Time jokes
At work: Hey guys, I'm gonna Arnold clock out now.
When you start sweating after filling in "C" for the third time in a row.
What's the difference between a white and a black fairytale? White begins with, "Once upon a time..." Black begins with, "Y'all motherf...s ain't gonna believe this sh.."
The date is April 1st.
Somebody asks you what you are doing.
“I guess you could say I’m... fooling around ( ✧≖ ͜ʖ≖)“
If the average male walks 1.7 miles a day, then why did my dad take 13 years to get the milk?
Did you hear about the man who swallowed his watch?
He went to the doctor hoping he could give him something to help pass the time.
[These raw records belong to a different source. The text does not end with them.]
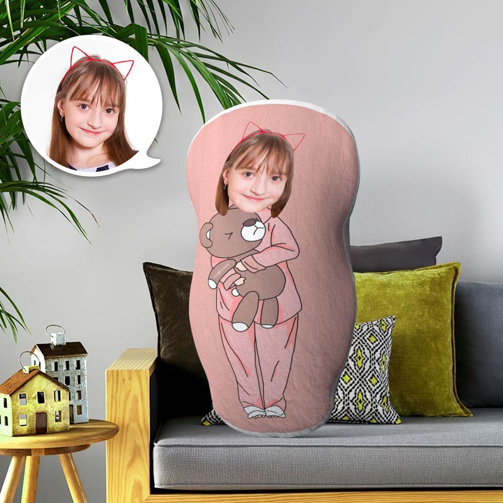カスタム顔抱き枕-DIYポートレートクッション-両面印刷かわいい女の子熊柄ピローギフト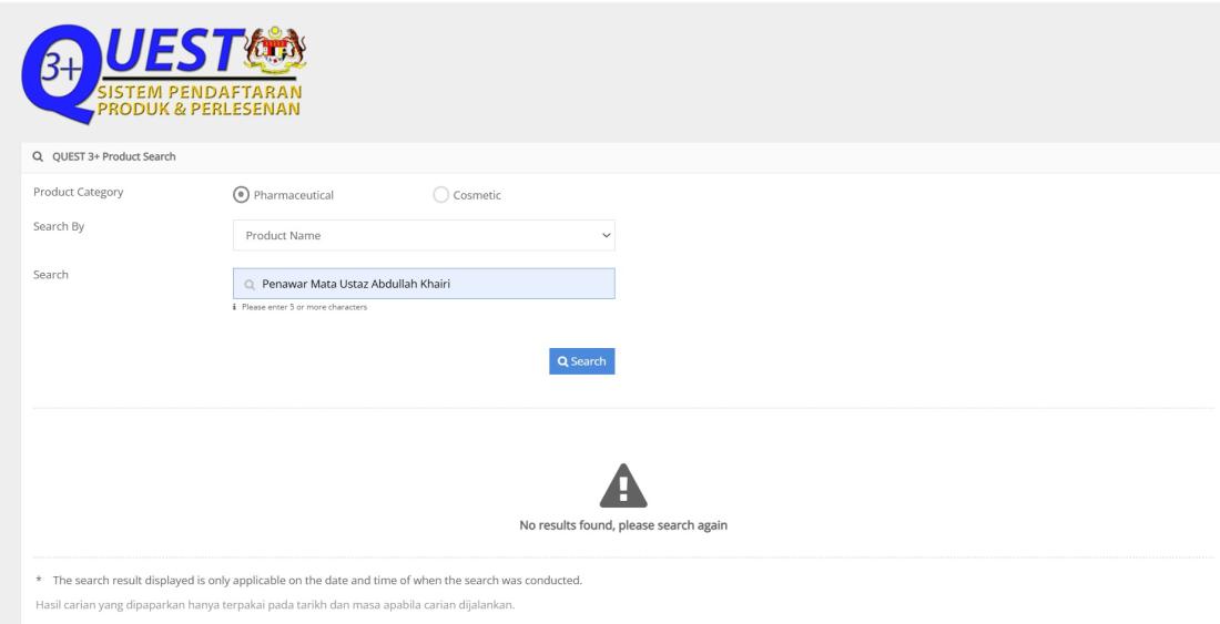 There is no record of the touted product in Malaysia's National Pharmaceutical Regulatory Agency (NPRA) database, indicating it has not been approved by Malaysian health authorities (archived link).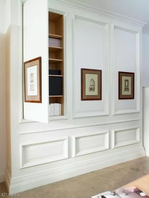 一整面墙因为有一个门而破坏了整体的流畅性和美感,那么我们就会用隐形门的方式去把门弱化掉。

It's hard to predict the future,
especially before it happens.
My mom: "Dear, I don't know why your grandma is spending more time with her friend Carla, can you spy on her?"
Me: "Your mom gay lol."
My mom: "Don't talk about your grandma like that, you rude girl."
You: "Your mom gay lol."
*School shooting happens*
Foreign exchange student: *Sobbing under desk*
American student: "First time?"
What does your mother look like after I had sex with her eight times? An octopus.
I made an AR that shoots boo boo bullets. It does poison time 10x damage. You have a very good chance of getting STD. Very good AR. Going for 100,000. Email: EatandDrinkbouls@gmail.com
They said I was depressed, I should make an effort to do what I love.
I had to pay a hooker for twelve hours work.
... I felt nothing, but it was nice, being with someone who felt the same.
What month has 28 days?
All of them.
Doctor: I'm sorry, but you still have 10 seconds left.
Man: What?! What about my family?! My son is still missing! I can't just leave like that!
Doctor: Don't worry sir, I told your family.
Man: That's... great... if they found my son, tell them that I love him more than anything and I couldn't keep that promise.
The doctor watches the man closing his eyes while tears fell down from his eyes.
Doctor: I will... dad...
Tq for reading my crappy joke.
Q: What time does an Asian go to the dentist?
A: 2:30
I was 11 or 12 at the time.
Guy (passing me): "How are you doing?" Me, an autist: "Pretty bad honestly." Guy (continued walking past me) Me: ...
If you didn’t know, “what’s up” and “how are you doing” are phatic expressions in the United States, meaning that they’re said as greetings even though they literally mean something else.
What time should you go to bed when it's bedtime?
What is a chicken's favorite day of the week? Fri-day.
I tried to find my watch I lost last week, but I didn't have the time.
My dad and I were playing hide and seek. I still haven’t found him. It’s been 15 years.